One of these rights is the right to disability benefits like workers’ compensation. This employee benefit allows employees to receive a percentage of their earned wages while they cannot work for both short and long-term periods, as well as provides medical care coverage for the relevant conditions or injuries. 

Leave and Time-Off

The FLSA does not require employers to provide time-off, including vacation time, sick leave, or holiday leave. Such benefits are often an agreement between the employee and the employer except for leave provided by the Family and Medical Leave Act (FMLA). FMLA provides workers with 12 weeks of unpaid, job-protected leave per year in which the health benefits are maintained. Other types of leaves that are required by law include:

  • Military leave;
  • Voting leave;
  • Jury duty leave;
  • Religious observance. 

If an employee works part-time, they may not be eligible for the voluntary leaves by their employers. Employees should read their benefits package carefully when applying for jobs. 

Whistleblowers

“Whistleblowers” are people who report evidence of wrongdoing. Employers may act in retaliation because of the employee’s actions, which is against the whistleblower laws enforced by OSHA. According to OSHA, retaliation can take many forms:

  • Blacklisting;
  • Demoting;
  • Denying overtime or promotion;
  • Disciplining;
  • Denying benefits;
  • Failing to hire or rehire;
  • Firing or laying off;
  • Intimidation;
  • Making threats;
  • Reducing pay or hours;
  • Suspension.

Whistleblowers are protected to try to maintain company transparency and accountability. Those that think they have been retaliated against for whistleblowing acts must file a complaint with OSHA. 
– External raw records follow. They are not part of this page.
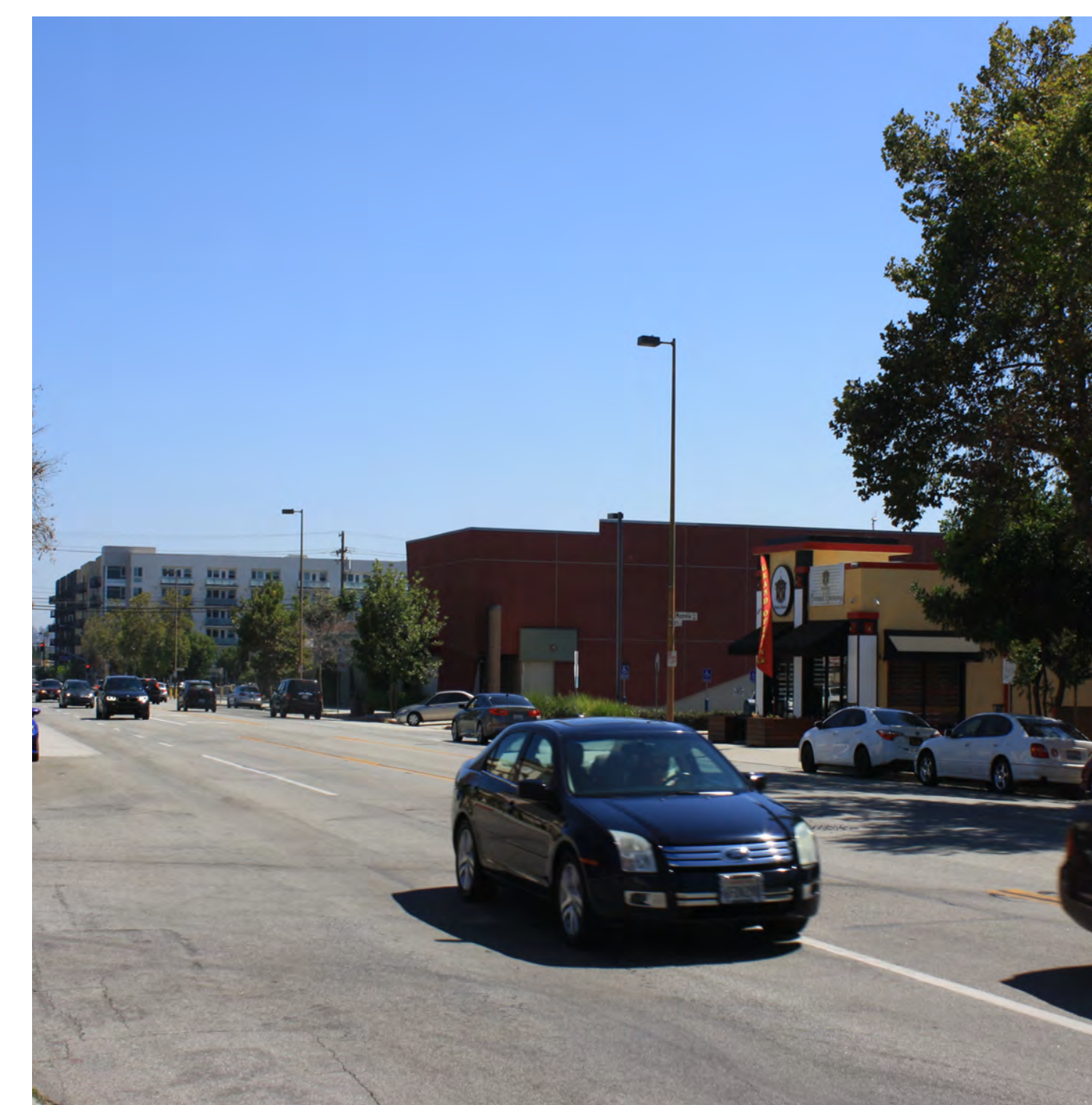
4 Central / Magnolia
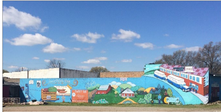
A mural highlights the agricultural economy of the region in downtown Martin, TN.

Martin and Dresden are two of five incorporated towns located in Weakley County, Tennessee. Dresden is the county seat, while Martin is the largest city and home to the University of Tennessee at Martin. Situated in the northwestern corner of Tennessee, the region boasts bountiful natural resources and productive farmland. As one of the state's leading agricultural producers, Weakley County was first known for
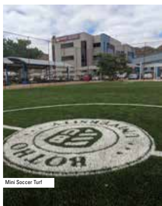
Mini Soccer Turf
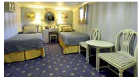
CLASSIC STATEROOM (14 to 19 square metres)
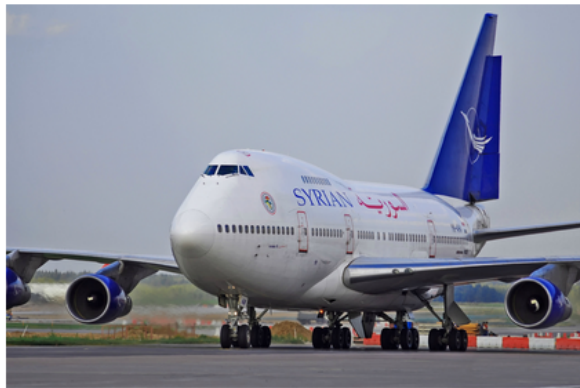
Which airlines are still flying over Syria?

Weekly International Ops Bulletin published by FSB for OPSGROUP covering critical changes to Airports, Airspace, ATC, Weather, Safety, Threats, Procedures, Visas. Subscribe to the short free version here, or join thousands of your Pilot/Dispatcher/ATC/CAA/Flight Ops colleagues in OPSGROUP for the full weekly bulletin, airspace warnings, Ops guides, tools, maps, group discussion, Ask-us-Anything, and a ton more! Curious? See what you get. Rated 5 stars by 125 reviews .
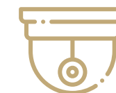
Sophisticated security system
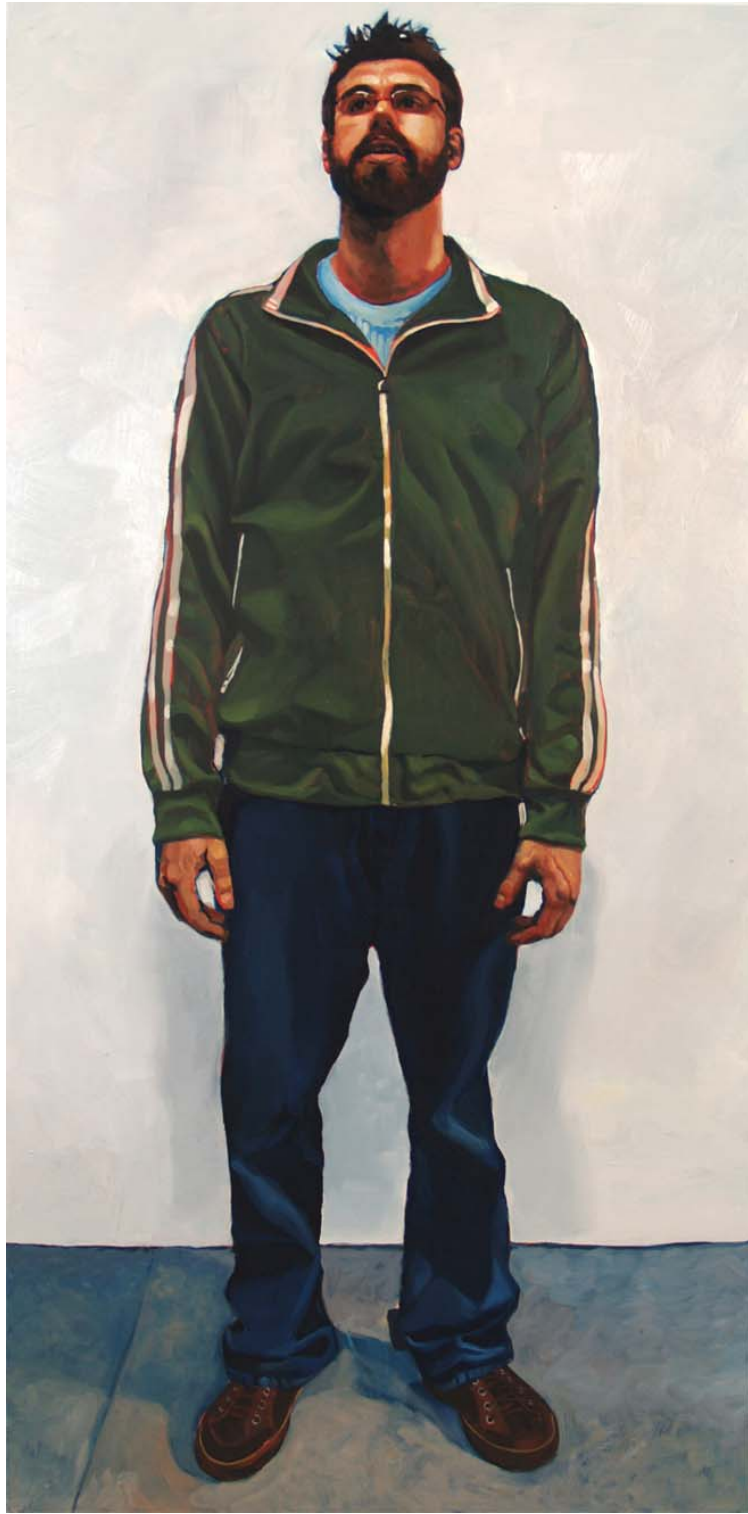
9. Chris oil on panel 60" x 30"
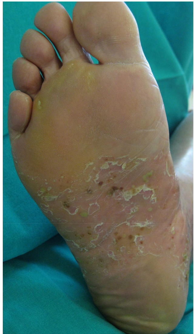
Figure 3 Pustular lesions in a erythematous and scaling plaque affecting the central zone of the plantar surface of the foot.

Studies carried out in patients with generalized pustular psoriasis have found a mutation in IL36RN, and this is considered the most important predisposing factor for generalized pustular psoriasis (GPP). 16 However, the IL36RN mutation was found only in a low proportion of patients with PPP, and no association was found between the IL36RN mutation and PPP. 17 More recently, Twelves et al 17 studied the genetic and clinical characteristics of different forms of pustular psoriasis. Loss of- function mutations in IL36RN were present in 5.1% of patients with PPP. Additionally, it was found that there was a statistically significant association between PPP and IL36RN mutations. Twelves et al 17 also suggested that mutations in IL36RN are related to early onset of the disease in all types of pustular psoriasis and that patients with PPP and age <40 years should do a screen for mutations in IL36RN. 18 Therefore, recent studies indicate the role of the mutation of the IL-36 receptor antagonist gene (IL-36RN) in the development of PPP but also in several forms of psoriasis, namely the plaque type, the pustular palmoplantar type and the generalized pustular type. 19 This finding infers that the interleukin-36 pathway may be implicated in the pathogenesis of this disease. 20 It has
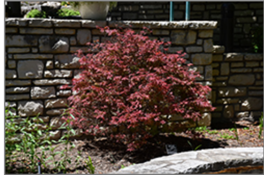
Shaina Japanese Maple

Shaina Japanese Maple is recommended for the following landscape applications;
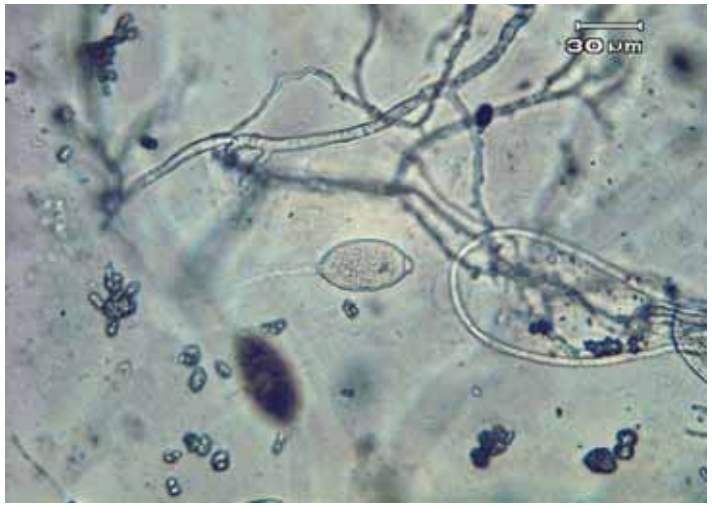
Figure 12. Lemon-shaped sporangium and thread-like mycelia of Phytophthora capsici .

2005). The pathogen produces spores of another type called zoospores that are contained within sac-like structures known as sporangia (Figures 12 and 13). Zoospores are motile and swim to reach and invade host tissue. Plentiful surface moisture is required for this activity. The sporangia are spread by wind-blown rain through the air and are carried with water movement in soil. The pathogen is also moved as mycelia (microscopic, fungal-like strands) in infected transplants and through contaminated soil and equipment. Since water is integral to the dispersal and infection of P. capsici, maximum disease occurs during wet weather and in low, water-logged parts of fields. Excessive rainfall, such as that which occurs during El Niño years, coupled with standing water creates ideal conditions for epidemics caused by P. capsici . Growth of this pathogen can occur between 46°F–99°F (7°C–37°C), but temperatures between 80°F–90°F (27°C–32°C) are optimal for producing zoospores and the infection process. Under ideal conditions, the disease can progress very rapidly, and symptoms can occur 3-4 days after infection. Therefore, P. capsici can rapidly infect plants throughout the entire fields.
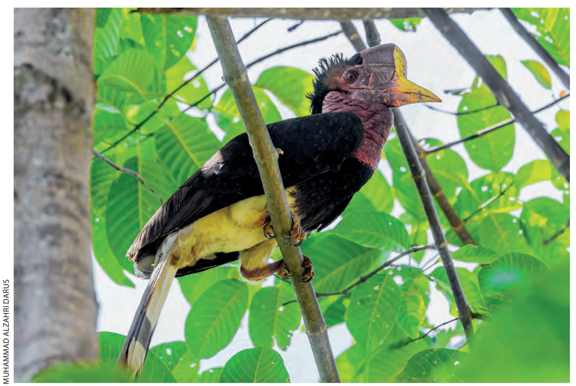
Plate 2 . Male Helmeted Hornbill, Hulu Terengganu, Malaysia, 28 August 2015.
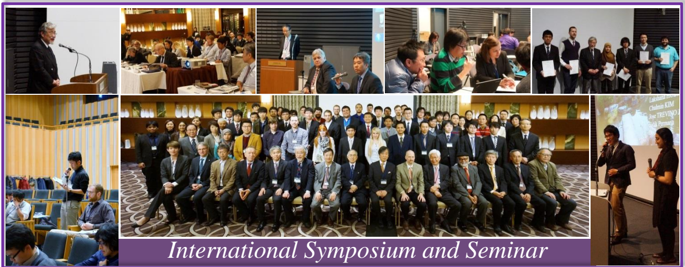
International Symposium and Seminar

The Academy for Global Nuclear Safety and Security Agent is running a "boarding school with a new and unique nuclear education (DOJO for Global Nuclear Safety and Security)." U-ATOM is a combination of the capital letter of "Unique" and ATOM.
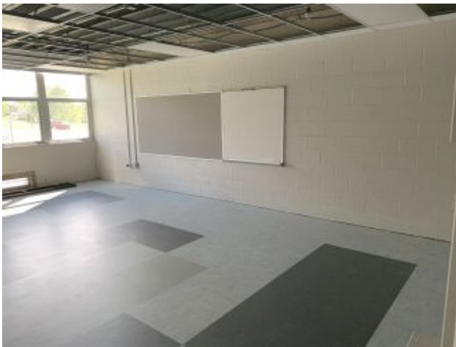
2026.04.30 – Classroom #133

How to Address Employee Rights Violations

While you may want to take immediate action if your rights are violated, it’s important to remember that these procedures take time, patience, and evidence. To address employee rights violations, consider the following steps:

  • Gather documentation: This can include but is not limited to, paystubs, phone records, emails, and texts. You will need to make sure you have copies of these documents to send to your HR representative.
  • Tell your employer: By telling them, you could give your employer the chance to resolve the problem right away. If they do not, seeking a reasonable solution first will strengthen your case. 
  • File a claim: You can file a claim with the Equal Employment Opportunity Commission (EEOC) or OSHA. Both agencies will investigate your claim and determine the next actionable course. It may be worthwhile to hire a lawyer to help navigate these processes. 

Employees have rights in the workplace to ensure they have a safe, healthy, and productive work environment. By understanding your rights, you can ensure your workplace is fair for you and your coworkers.